Apesar de retratar uma aldeia encravada entre as montanas, que aparentemente não tem nenhuma relação com as grandes cidades, notamos a presença de elementos comuns fundamentais, apenas expressos de forma mais rústica, ou seja, qualquer sociedade tem suas datas comemorativas e festividades locais, marcando uma identidade e fortalecendo as relações entre os moradores. Esta característica pode ser notada desde a aldeia italiana, com bases medievais, até uma festa junina de um bairro de qualquer metrópole.

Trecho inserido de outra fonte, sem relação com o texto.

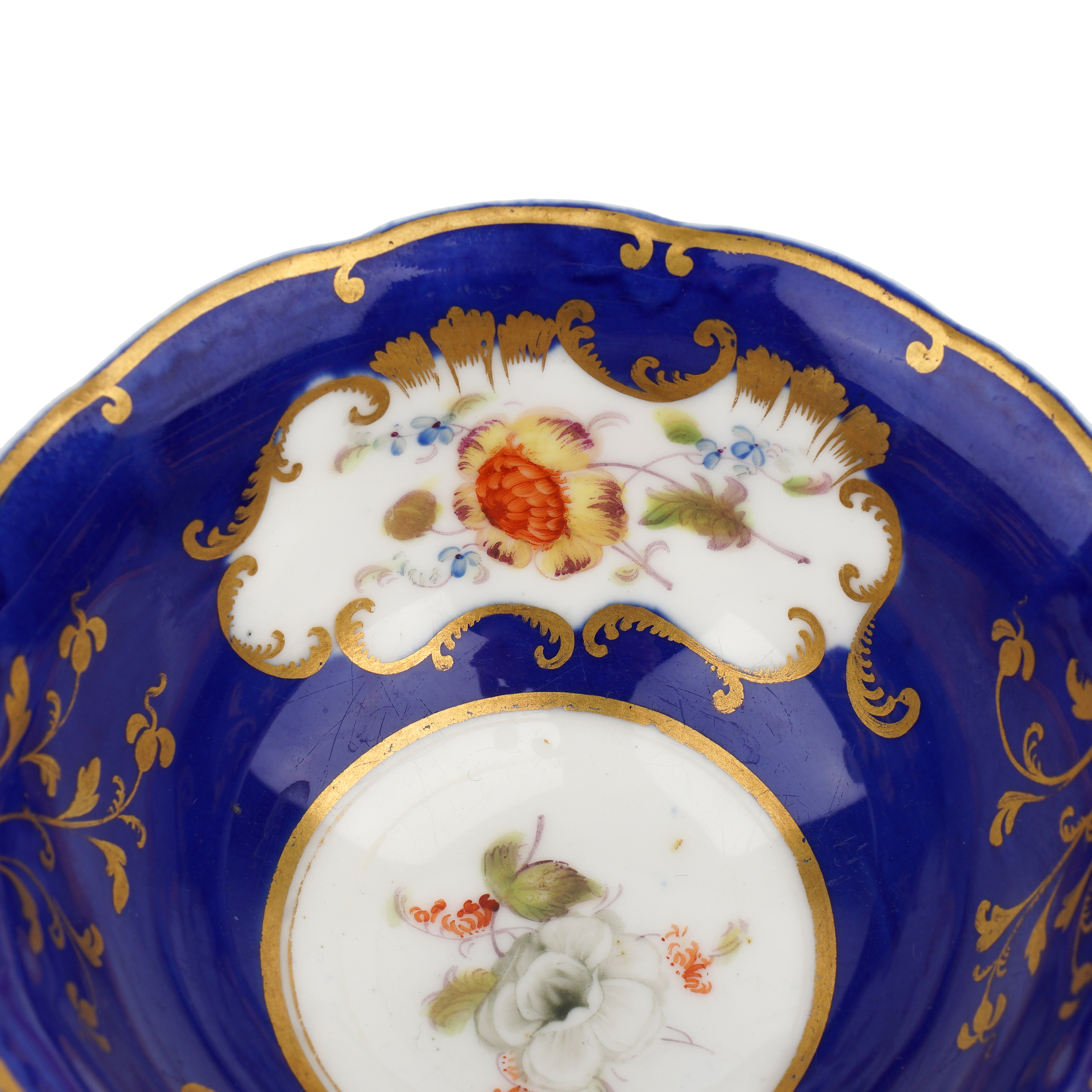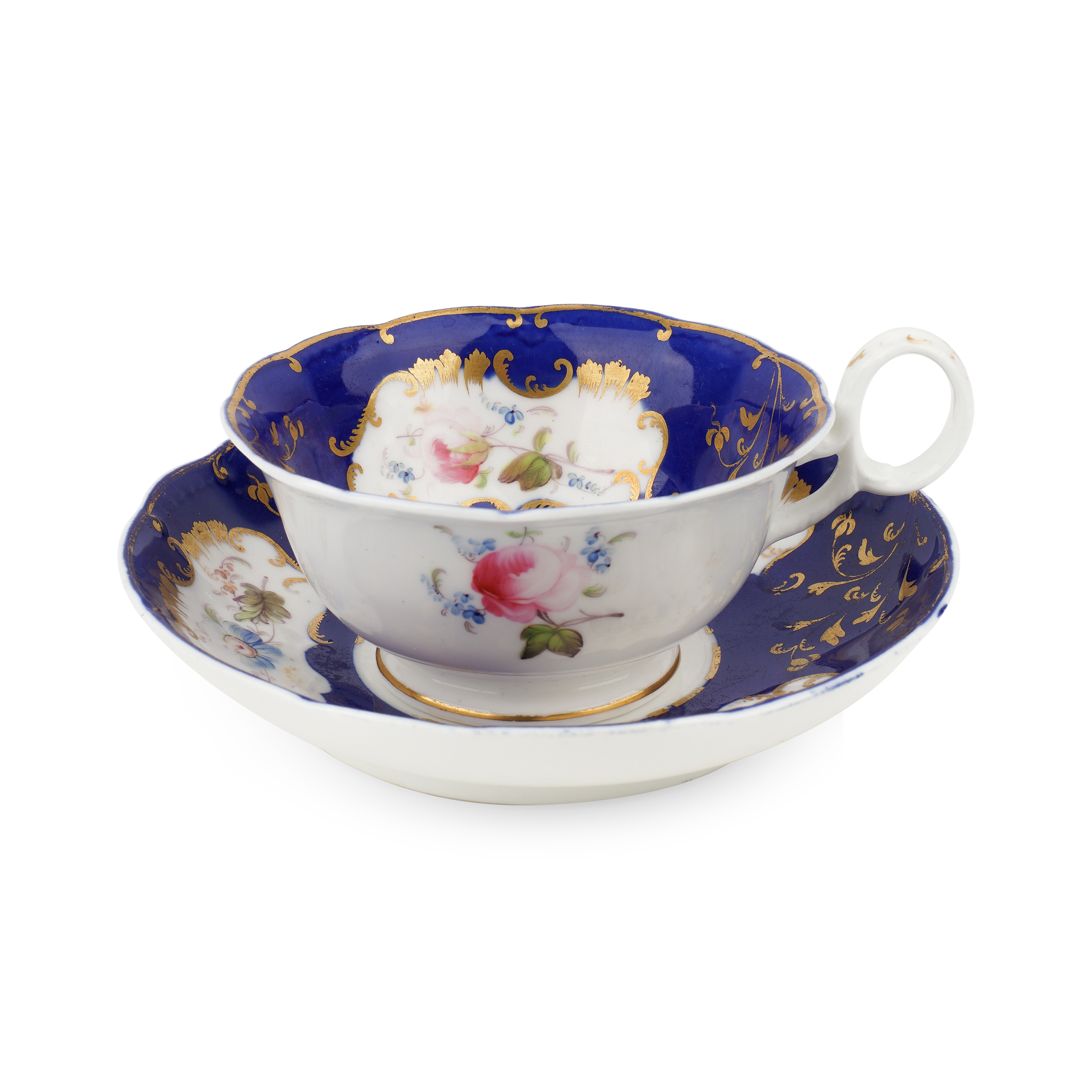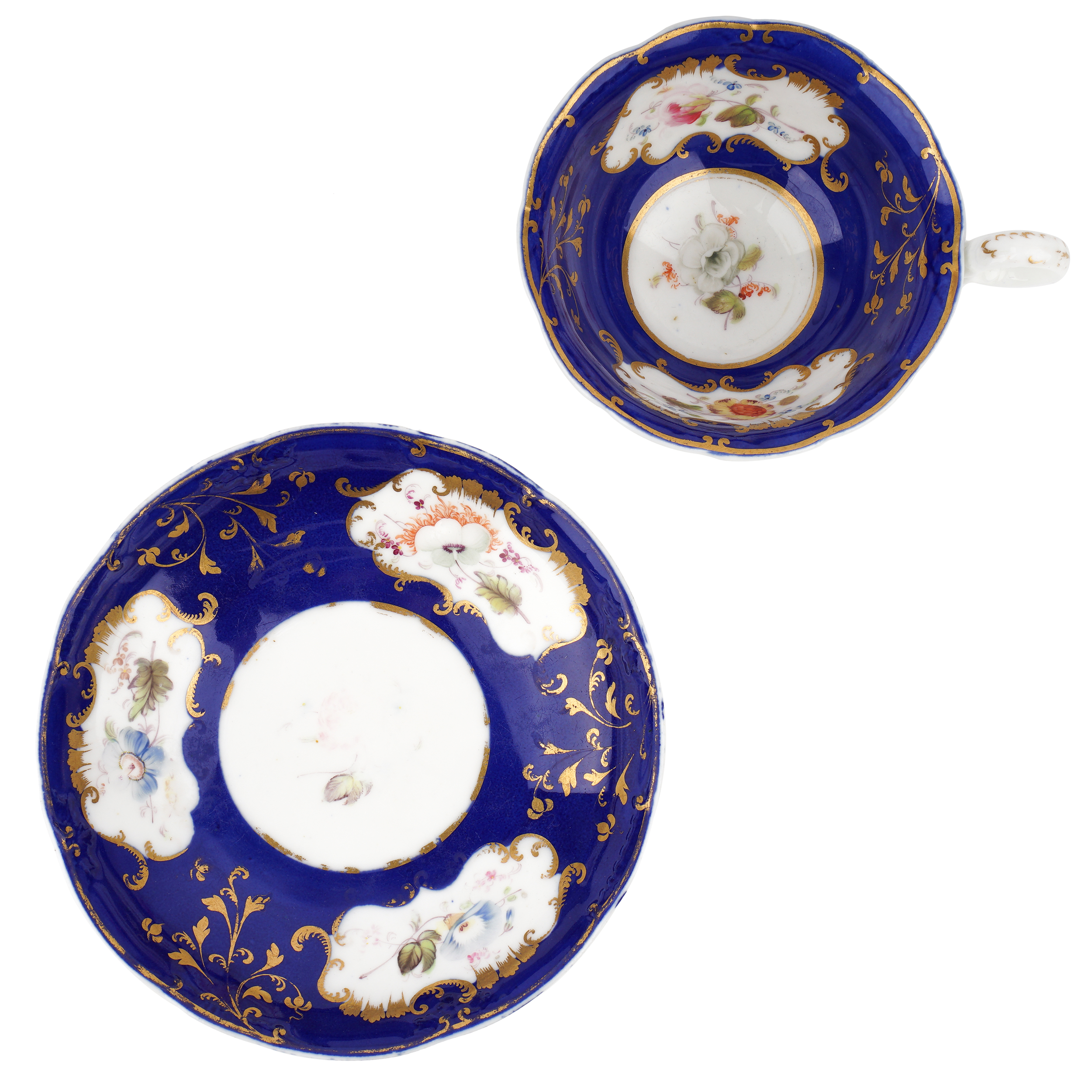 Фарфор, рельеф, синее монохромное крытье, надглазурная полихромная роспись, золочение, Европа (предположительно Англия) XIX век. Размеры: высота – 5 см, диаметр чашки – 10,5 см, блюдца – 14,8 см.

O extrativismo local pode ter certo tom predatório para os padrões que estamos acostumados, contudo a carvoaria da aldeia – que diferente do que estamos acostumados a ver em nossos noticiários, não conta com trabalho infantil – é uma atividade alternativa à dos pastores.

Existe a possibilidade de uma substituição da fonte de renda, já que o velho pastor não aparece ensinando seu ofício, o que indicaria uma corrupção dos hábitos locais, mas ainda assim é uma hipótese remota, pois a carvoaria permaneceria distante da diversidade de elementos fornecidos pela criação de cabras.

A beleza deste longa nos oferece uma alternativa sedutora ao cinema de massa, que repete a mesma fórmula à exaustão. Não temos super-heróis, nem efeitos especiais, explosões ou atitudes megalomaníacas, mas temos a vida, como vem sendo vivida há tanto tempo.